The Times reported that Wang Lijun the police chief and former associate of Bo Xilai, the disgraced former Communist party leader, was sentenced to 15 years for “defection, abuse of power, taking bribes and bending the law for personal gain” (“Police Chief in Chinese Murder Scandal Convicted and Sentenced to 15 Years," NYT, 9/23/12). Bo Xilai wife’s Gu Kailai was given a “death sentence with a two-year suspension which means she will probably end up with a long prison term” and the fate of Mr. Bo, once in line to becoming a major figure is still undetermined. The case, involving as it does both the murder of a British businessman, Neil Heywood, and an ambitious Chinese politician, epitomizes the seemingly conflicting forces in Chinese society. China suffers from cultural and economic schizophrenia. Its economy is a juggernaut, powered by free market capitalism and private enterprise. Yet it still has a powerful Communist Party which operates in a clandestine manner, taking back freedom as fast as it gives it away. Usually freedom of expression and free market capitalism co-exist, but in Chinese society the two are often at odds. Will we really ever know the real story of what accounted for Bo Xilai’s fall from grace? During the cold war the two Germany’s exemplified warring ideologies. In today’s China, the same conflict exists under one roof. It serves China’s purposes to give the impression of being a dynamic and open society, but the reality is often otherwise. Alison Klayman’s documentary Ai Weiwei: Never Sorry, demonstrates how the Chinese government gave the prominent artist just enough rope to strangle himself with. When Ai Weiwei out lived his use and his outspokenness no longer was a source of useful publicity, he was silenced. China has enormous resources, but true freedom is the one thing that money (and the prospect of increasing economic expansion) is still not able to buy.

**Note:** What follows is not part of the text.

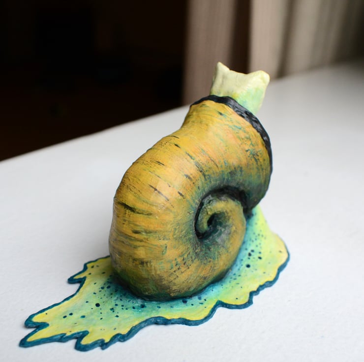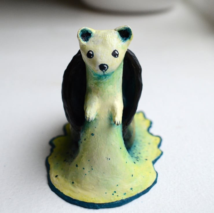 This tiny mustelid (a stoat perhaps!) lives in a shell, and its lower half resembles a colourful spotted sea snail. It is made of paper mache and durable air dry clay, then painted and coated with acrylic varnish. Measuring approximately 7 cm in height, this unique and absolutely adorable little character adds a touch of whimsy to any shelf or desk nook.

Monday, September 24, 2012

Eurodammerung


Photo: Carl-Johan Sveningsson
In a special section of the September/October issue of Foreign Affairs pithily titled “Eurodammerung,” Timothy Garton Ash has brought his great erudition to bear upon the prospects of the EU. In the article, “The Crisis of Europe, "Ash talks about the political legacy of the Second World War, as informing the drive for an economically united Europe. There are some precious vignettes like the one in which Ash is talking to German Chancellor Helmut Kohl who asks, “Do you realize that you are sitting opposite the direct successor to Adolph Hitler?” He quotes Milan Kundera about “the kidnapped West,” describing the inertial force driving the inhabitants of former Iron Curtain countries. He invokes Gabriel Garcia Marquez when he describes the ensuing invention of the Euro as “Chronicle of a Crisis Foretold,” and in discussing how the scales of economic justice would be upset by the juggernaut of a united Germany, he quotes Thomas Mann, “Not a German Europe but a European Germany” and goes on to remark “What we see today, however, is a European Germany in a German Europe.” For Ash the collective memory which inspired the idea of unification and common currency has been lost. “There is a new dividing line across Europe, not between east and west but between north and south,” Ash soberly concludes. “Now, and probably for years to come it will be a very different experience to be a young German or a young Spaniard, a young Pole or a young Greek.” The cold war was a battle between two ideologies: capitalism and Marxism—both ideas, products of the Enlightenment. Now, if we are to read Ash correctly, European unity is threatened by something far more regressive, the return to a kind of tribalism in which to quote Jerry Butler, the sixties soul singer known as “The Iceman,” Only the Strong Survive.